恋人たちの日、七夕を楽しもう

彼女が喜ぶだろうと、季節のイベントごとに合わせてデートプランを練るのは、ほとんどの男性が若い頃に1度くらいは経験しているでしょう。ただ、慣れとは恐ろしいもので、恋愛経験が豊富になってくると、記念日や季節のイベントなどの節目に気合いの入ったデートをしなくなります。

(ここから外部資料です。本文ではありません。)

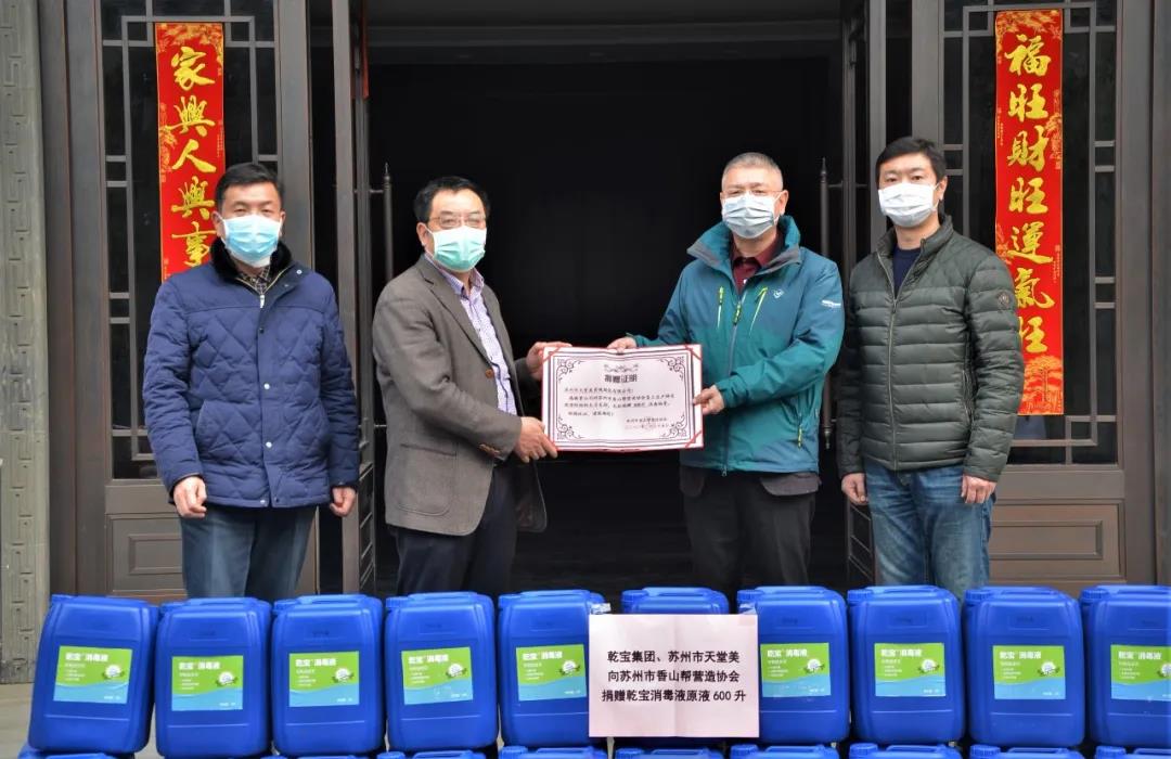 隨著企業陸續復工,疫情防控工作進入防疫和復工“兩手抓”階段。2020年2月25日,乾寶集團再次伸出援助之手,旗下企業蘇州市天堂美景觀綠化工程有限公司向蘇州市香山幫營造協會捐贈消毒液原液600升,以實際行動支援蘇州市香山幫營造協會內園林古建企業的疫情防控和復工工作

長い間付き合っている熟年カップルであれば、なおさらでしょう。

海外の七夕事情

日本でも織り姫と彦星の愛の伝説は有名ですが、どちらかというと、願い事をする子供のイベントという扱い。夏祭りのような感覚で、地域の七夕祭りに行くことはあっても、クリスマスのようにカップルで楽しむことを意識することは少ないです。

七夕の伝説は中国が発祥で、願い事を書いた短冊を笹に飾るのは、日本特有のもの。中国では織り姫と彦星のイメージから、恋人の日として盛大に祝われています。

中国では、バレンタインデーと同じように、恋人にブーケやお菓子を贈る習慣があります。変わったところでは、チョコレートにメッセージを書いて送るというのがブームになったこともありました。普段言えないことでも文字に表すことでハードルが下がる上、チョコレートなので形に残らないことも、さらに恥ずかしさを和らげます。食べ物と文字のメリットをうまく使ったプレゼントですね。普段はわからない恋人の気持ちに感激した人も多かったことでしょう。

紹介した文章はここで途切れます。